Osteoporosis is a devastating condition characterized by decreased bone mass, and affects over 50% of the population over 50 years old. Progression of osteoporosis results in significantly heightened risk of fracture leading to loss of mobility, prolonged rehabilitation, and even mortality due to extended hospitalization. Current therapeutic options exist to combat low bone mass, but these treatments are being met with increasing concern as reports emerge of atypical fractures and necrosis. Thus, new therapeutic strategies are required.
Bone is highly dynamic, and it has long been known that physical load is a potent stimulus of bone formation. Despite this, none of the current treatments for bone disease leverage the inherent mechanosensitivity of bone – the ability of bone cells to sense and respond to mechanical forces such as exercise. One potential therapeutic target is the primary cilium. Primary cilia are solitary antenna-like organelles, and over the last 20 years have been identified as a critical cellular mechanosensor. Primary cilia and cell mechanotransduction are critical to the function of numerous cells and tissues. Thus, understanding primary cilia-mediated mechanotransduction has potential applications in treating kidney and liver disease, atherosclerosis, osteoarthritis, and even certain cancers. Previous work from our group has demonstrated that disruption of the cilium impairs bone cell mechanosensitivity, resulting in abrogated whole bone adaptation in response to physical load.
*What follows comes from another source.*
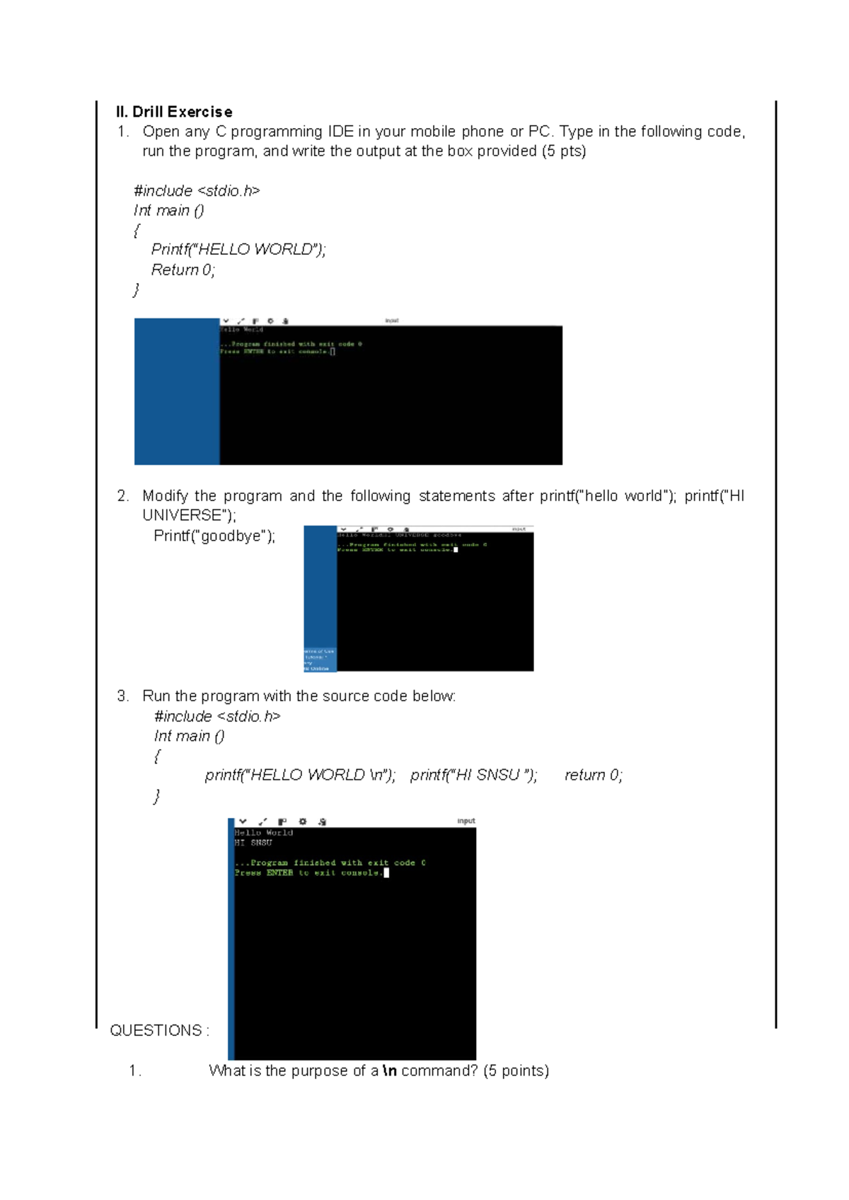 C Programming Notes: Drill Exercise 1 and Output Analysis - Studocu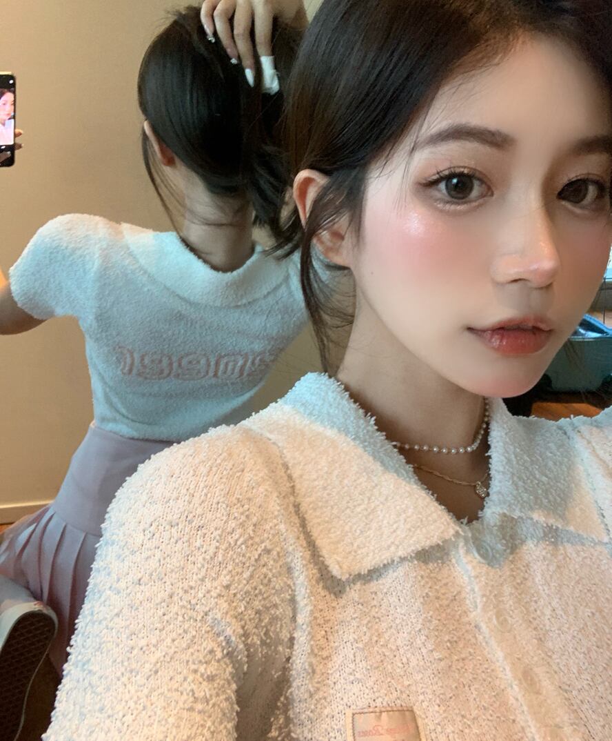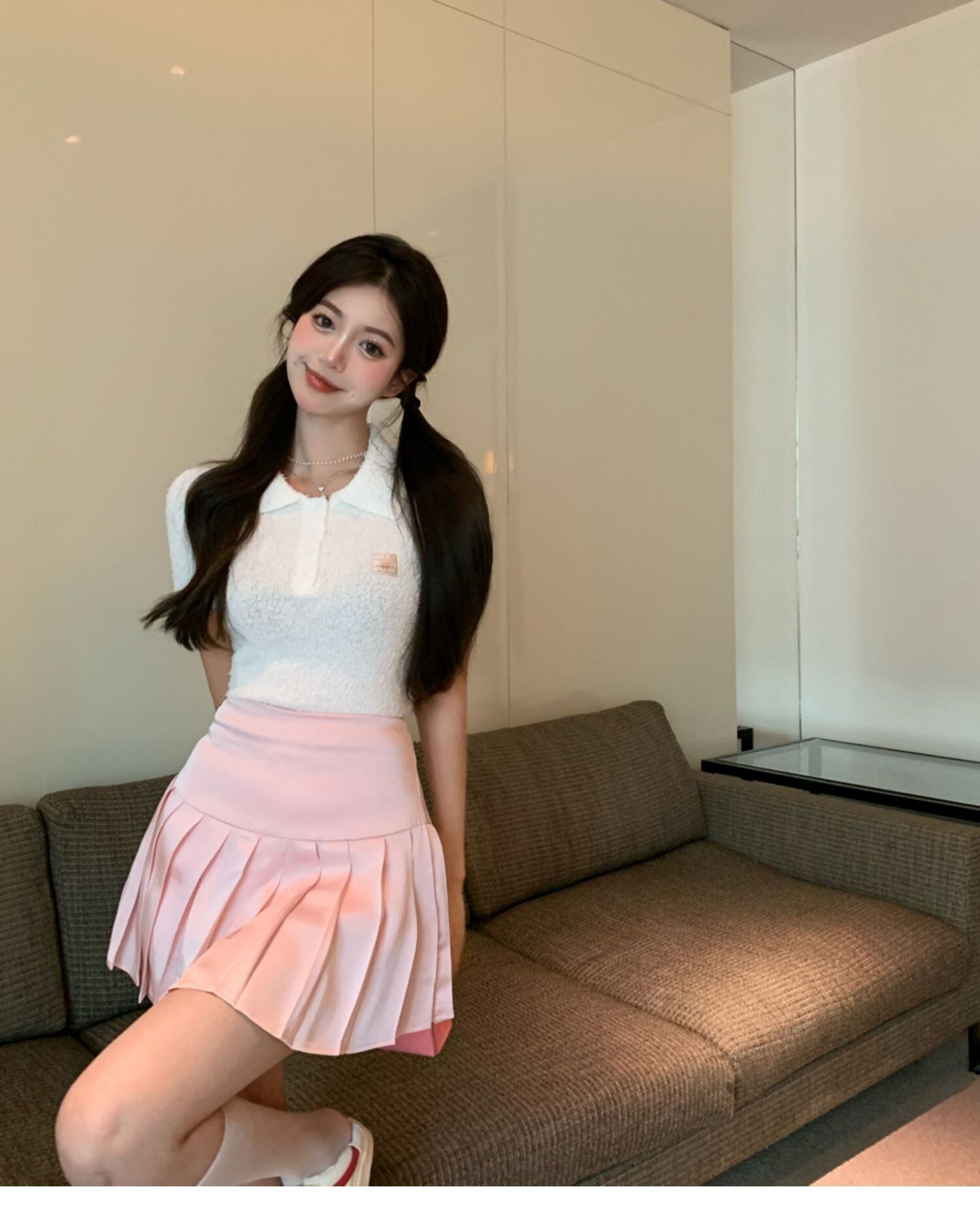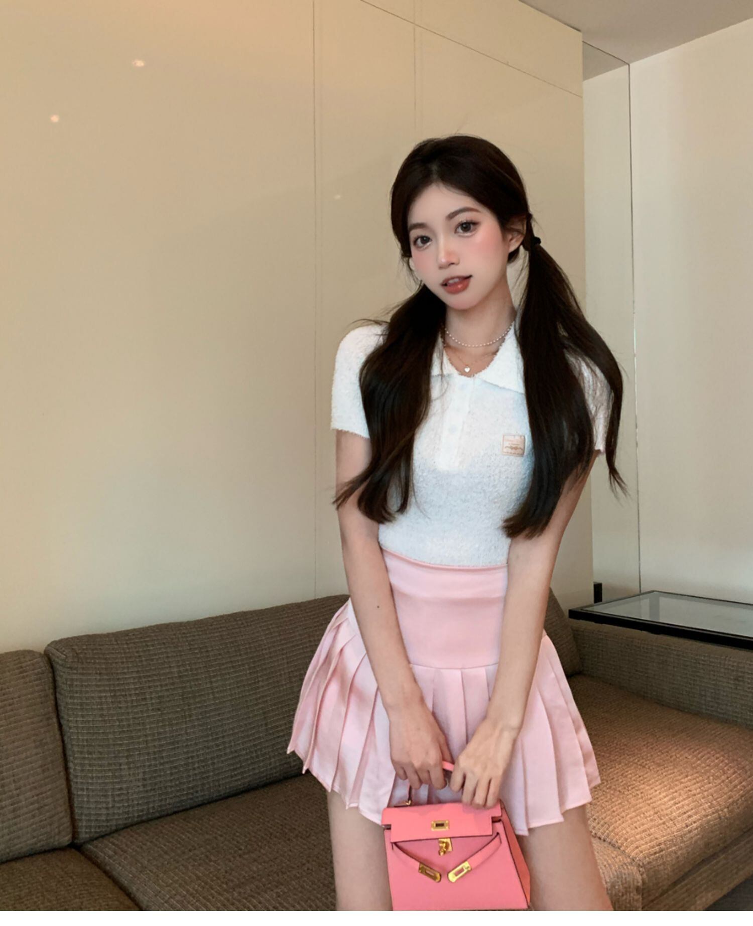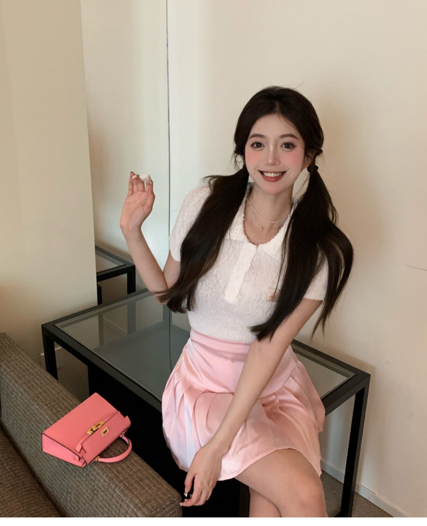 スタンダードニットサテンプリーツスカート ショートTシャツ トップス サマー レトロ 夏物 ドラファッションホール91765344948

In this thesis we examine the potential of targeting the primary cilium to enhance bone cell mechanosensitivity and promote whole bone formation. First, we demonstrate the pharmacologically increasing primary cilia length significantly enhances cell mechanotransduction. Next, we expand our list of candidate compounds to manipulate ciliogenesis through the use of high-throughput drug screening. We developed an automated platform for culturing, staining, imaging, and analyzing nearly 7000 small molecules with known biologic activity, and classify them based on mechanism of action. One of these compounds is then used in a co-culture model to study the effects of manipulating osteocyte primary ciliamediated mechanosensing on pro-osteogenic paracrine signaling to promote the activity of boneforming osteoblasts and osteogenic differentiation of mesenchymal stem cells. Finally, we translate our in vitro findings into an in vivo model of load-induced bone formation using the same compound to enhance cell mechanotransduction. We demonstrate that we can sensitize bones to mechanical stimulation to enhance load-induced bone formation in healthy and osteoporotic animals, with minimal adverse effects. Together, this work demonstrates the therapeutic potential and viability of targeting primary cilia-mediated mechanotransduction for treating bone diseases.